Vem isto a propósito do Primeiro de Maio de 2025, vivido em Jacarta. Saindo logo pela manhã do hotel em direcção às imediações do Monas, encontrei gente de múltiplas organizações. Uns marchando, outros cantando, alguns petiscando à sombra das árvores. Muitos chegaram de fora, em autocarros, outros de mota e a pé, trajando a rigor. Algumas ruas estavam com o trânsito interrompido.
Palavras de ordem, cânticos de megafone, que me recordaram outros dias iguais no rectângulo lusíada. Polícias, militares, descontraídos apesar de atentos. Vendedores ambulantes procurando a sorte. Depois do discurso do Presidente muitos partiram para o longe de onde haviam chegado horas antes.
Os manifestantes desfilaram diante da Embaixada dos EUA. Houve quem passasse pelas representações da Alemanha, da França e do Japão no seu percurso. Não foi preciso impedir ninguém de se manifestar ou controlar palavras de ordem. Não se retiraram cartazes, nem a polícia mandou despir t-shirts ou retirar livros das bancas. Era um dia de festa. Foi uma festa.
Em contrapartida, em Macau, viveu-se mais um ano sem manifestações. Foi o sexto ano consecutivo sem Primeiro de Maio. Morreu. Finou-se. É a herança a meio do período de transição. Aqui está o exemplar cumprimento da Declaração Conjunta Luso-Chinesa sobre o Futuro de Macau.
Quando regressei, o Ponto Final noticiava que advertências da polícia fizeram recuar a única associação que pretendia manifestar-se no Primeiro de Maio. A associação de trabalhadores que a promovera, “por advertências da polícia, acabou por desistir da intenção”. Dizia o jornal que “as autoridades avisaram que a manifestação poderia até violar a lei de segurança nacional”. "Até"! Bendita lei. Ainda assim um homem foi levado para a esquadra pela PSP por protestar sozinho em frente à Direcção dos Serviços para os Assuntos Laborais. Ao que parece (os critérios são muito fluídos) violou a lei do direito de reunião e manifestação. Um homem. No Primeiro de Maio. Adiante. Aos portugueses, a Portugal e ao seu governo nada disto interessa.

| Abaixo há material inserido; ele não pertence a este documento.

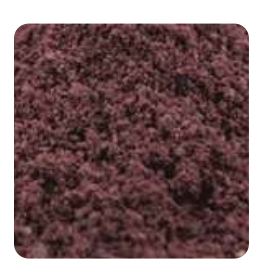
Palm Kernel Expeller
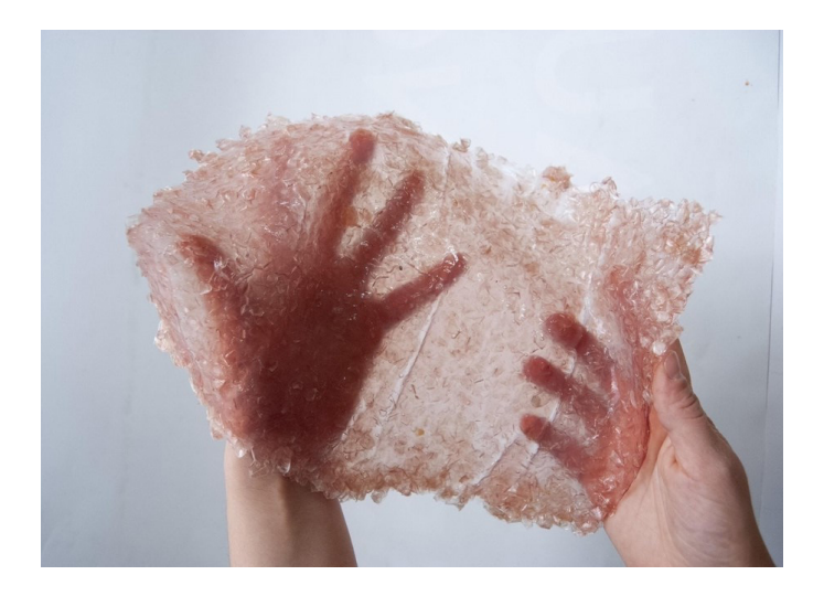
Fig 13. Fish Left (L) overs.
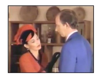
1.6 "The Mystery of the Maltese Pigeon"

gravel pits and with chemical traces of the stolen dirt. Now that Fish is dead, his accomplice may be attempting to nab the money.
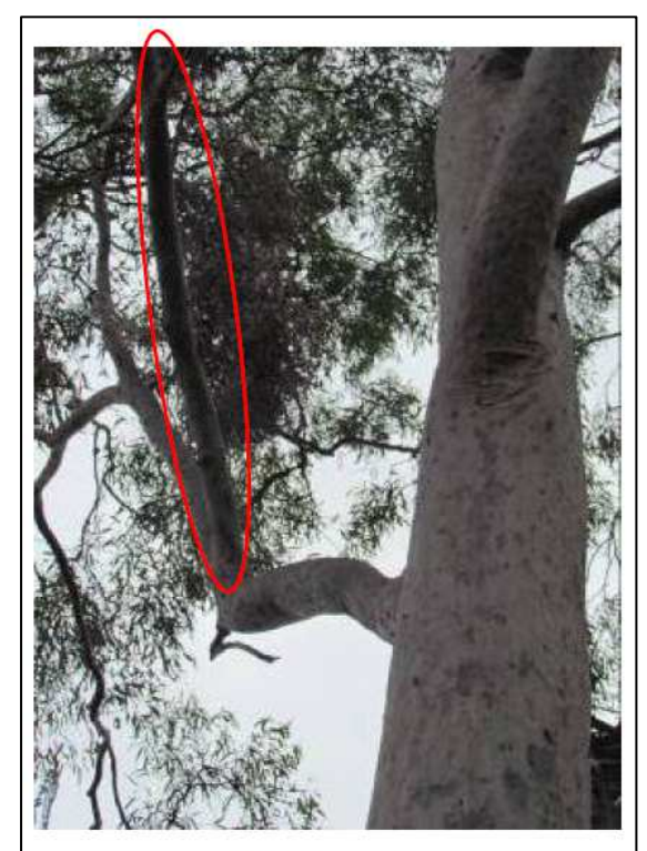
looking west up into the eastern, lower canopy of T3, showing limb targeted for removal.
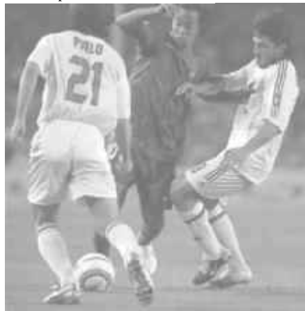
Barcelona's Ronaldinho from Brazil (C) tries to keep control of the ball against AC Milan Andrea Pirlo (L) and Germano Ivan Gattuso during the second leg of their Champions League semifinal soccer match at Nou Camp stadium in Barcelona, on 26 April, 2006.

Barcelona's last final appearance was the 4-0 defeat by Milan in 1994, two years after they had beaten Sampdoria for their solitary success in Europe's top club competition.
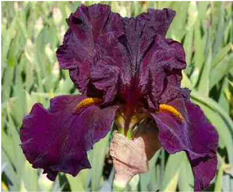
' Men In Black ' ( Larry Lauer). TB , height 34", Midseason late bloom. Ruffled blackish purple, Falls with deep lavender central flush; beards deep purple, hairs tipped mustard, changing to mustard central section, bright yellow in throat; slight sweet fragrance. Introduced: Stockton 1998.
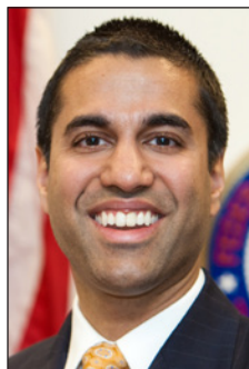
Commissioner Ajit Pai

The FCBA will be holding a luncheon in conjunction with its annual meeting on Wednesday, June 18, 2014 . The program will include announcement of the FCBA election results, a presentation of awards, as well as recognition of scholarship and internship awardees, lunch, and remarks by FCC Commissioner Ajit Pai . The luncheon
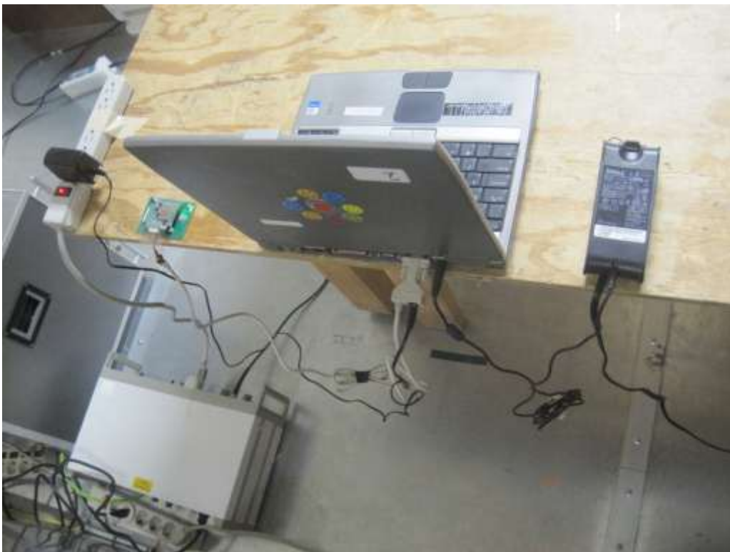
AC Line Conducted Emission - Front View
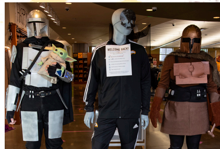
It's hard to tell the staff apart from the mannequins at the Campus Bookstore!
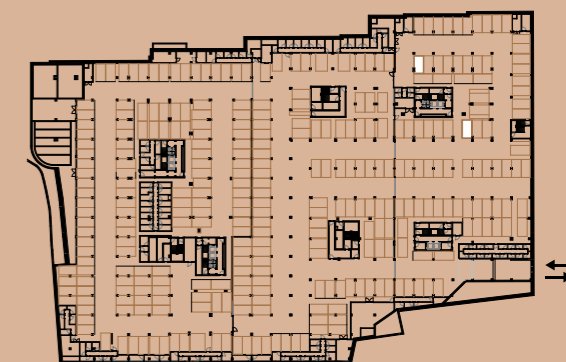
PLANTA PISO ESTACIONAMENTO -2 / PARKING FLOOR -2
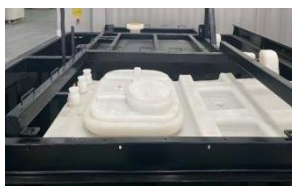
Fig.7.10 Storage Tank
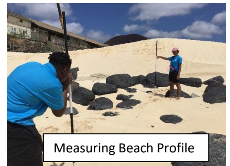
Measuring Beach Profile

Pois em Jacarta houve Primeiro de Maio. Ninguém violou a Lei de Segurança Nacional. Ninguém andou à procura de pretensas violações da lei para impedir as pessoas de livremente se manifestarem. Ninguém teve medo da sua própria sombra, não obstante o sol intenso e o calor que se fazia sentir.
Aproveitei o resto da tarde para visitar uma pequena feira do livro, em Cikini, no Taman Ismail Mazurki Park, anteriormente conhecido como Jakarta Arts Center, actualmente gerido pelo Jakarta Arts Council. Trata-se de um complexo cultural, cujo nome se deve a um compositor e músico indonésio. O centro foi renovado em 2021e inclui a biblioteca da cidade, um planetário, teatros, um centro de arte e documentação, salas de cinema e de exposições.
No dia seguinte, o Jakarta Post, num texto de Shinta Kamdani e Elly Rosita, respectivamente, dirigentes da Indonesian Employers Association (Apindo) e da Confederation of Indonesia Prosperity Trade Union (KSBSI), apelava ao diálogo social em tempos de incerteza, recordando que as crises se ultrapassam quando são enfrentadas por uma nação unida e com um único objectivo, através de acordos mútuos, evitando-se exacerbar os conflitos internos e mostrando-se empenho na resolução dos problemas. Patrões e trabalhadores não são adversários, mas sim parceiros de um mesmo ecossistema. Palavras sábias e actuais.
Só os fracos, os medíocres e os imbecis temem a democracia e as suas instituições, desconfiam dos estrangeiros, receiam qualquer manifestação e controlam toda a informação.